We need to prepare for event streams that include multiple instances of the same event emitted by different versions of the model. Which suggests that, for each message in the stream, we'll need a hint in the meta data that indicates the proper recipe for restoring the domain event -- as the model in the past would have written the event knowing when it was going to be read in the future.

Avro? and tag every event in the history of the model with the writer schema of that time? Thrift/ProtocolBuffers, and hope that the evolution of the events can be supported entirely by non destructive schema changes? JSON, because you get the easy part of the answer for free? Take the hit to upgrade the immutable events in your store, so that all events are taken from the same version of the api?

My best guess today? You are going to need a schema eventually - this seems obvious to me as soon as other domains start subscribing to these events.

So the early guess is about how much value you can deliver before you take the plunge, and how expensive the first schema migration will be.

Friday, October 23, 2015

Can we enforce the transaction consistency boundaries with interfaces?

Maybe.

Let's first consider the case where we have an aggregate which includes a reference to another aggregate. That's perfectly reasonable, provided that the business is satisfied that coordinated changes between the aggregates are eventually consistent.

Now, each of the aggregates has their own commands (each changing their own state). Best practices suggest that we should only be modifying one aggregate per transaction; in other words, we should only be running command(s?) on one aggregate or the other.

Can we organize our code to enforce that?

I've been chewing on a remark from Greg Young, that getters and setters are evil. Setters, sure -- setters should instead be commands, written in the Ubiquitous Language. But getters? how on earth are you going to do anything useful with another object if you can't read it? What are you going to do with a Specification that can't read the object it is supposed to constrain?
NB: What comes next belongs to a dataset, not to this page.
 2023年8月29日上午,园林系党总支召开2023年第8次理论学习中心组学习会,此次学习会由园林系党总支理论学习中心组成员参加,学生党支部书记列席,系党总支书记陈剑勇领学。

I've chosen, for the moment, to understand his comment in this way: getters and setters have no place in the model; getters are perfectly acceptable in an immutable projection.
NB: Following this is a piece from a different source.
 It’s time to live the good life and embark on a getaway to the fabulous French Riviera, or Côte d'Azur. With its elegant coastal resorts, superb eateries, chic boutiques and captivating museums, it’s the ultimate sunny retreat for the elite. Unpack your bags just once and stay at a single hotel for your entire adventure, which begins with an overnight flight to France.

I'm borrowing these two ideas from Greg; ~~which I believe he lifted from an earlier generation of CQRS experts~~ [wrong - Greg is the earlier generation of CQRS experts]. Commands are sent to the model, which is optimized for validating and calculate all changes. Queries are sent to a projection -- there can be several -- which is optimized for reads, but may be stale.

So if we send a command to a model, and the execution of that command required state from some other aggregate, then we need to hydrate the appropriate projection of the remote aggregate.
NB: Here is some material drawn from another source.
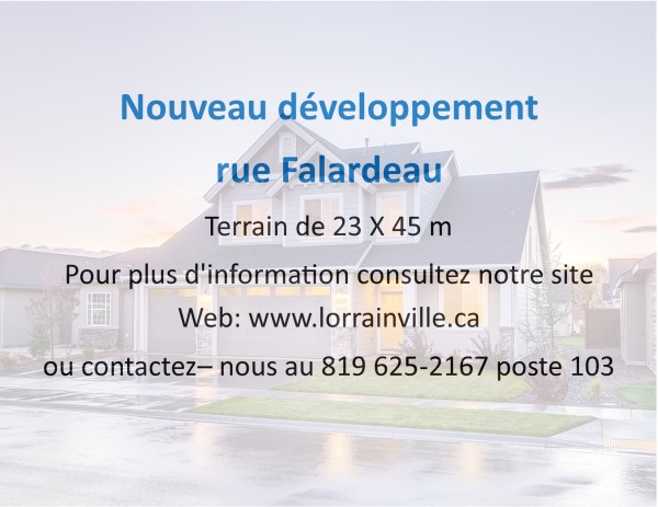 Retour Nouveau développement rue Falardeau La municipalité de Lorrainville est fière d'annoncer un nouveau développement sur la rue Falardeau avec la possibilité de construire à compter de l'automne 2022. Pour plus d'information voir l'annonce. Date de création: 2022-09-15

I had been blocked on this until recently, because I couldn't see past needing a getter to obtain the reference to the remote aggregate to do the hydration.

But the answer to that puzzle is to pass a DomainService as one of the arguments in the command. The root can look up the referenceId without needing to expose it, and pass that value to the service to get back an immutable projection with precisely the data that it needs.

Essentially, we are building into the signature of the command the contract that promises we won't change anybody else.

Two use cases where I need more thought. The first is factory commands; calls into this aggregate to create a new instance of that aggregate. The second is a query on this aggregate to run a command on that one.

Another perspective on the problem: if the other aggregate is responsible for a business invariant, then it may throw a checked exception. I don't see how I can claim to be implementing a query that changes the model (in another aggregate), or an immutable object that throws exceptions.

My guess right now is that You Don't Do That. Instead, some hand waving happens in the Application Service fronting this mess that gets all the dancers on the correct step.

Are aggregate roots always entities?

Yes.

The critical characteristic of an aggregate root is that it acts as a transaction consistency boundary. In other words, it is responsible for changes that must always and immediately satisfy some business invariant.

That immediately rules out the possibility that it is a ValueObject, because ValueObjects are immutable. Any changes to a value reflected in the model are going to introduce a new instance of the value object.

Similarly, DomainEvents are also ruled out -- events are things that happened in the past, and we don't have time machines.

As an aside, I think the DDD Sample gets this wrong; the HandlingEvent aggregate is modeled as a DomainEvent. The description in the class header is

HandlingEvent's are sent from different Incident Logging Applications

Written in the active voice

Incident Logging Applications send HandlingEvents

and now I'm suspicious. Does the business really not track the source of these external events? Notice, also, that we never load a DomainEvent from the repository -- we only collect a history of events that match a TrackingId, which is a value object typically created within cargo.

DomainService is stateless, so there's no need for a transaction.

Sagas? I don't believe that's a fit; long running business processes that span multiple transactions and potentially more than one aggregate.

ApplicationService doesn't fit because the business invariant belongs in the model.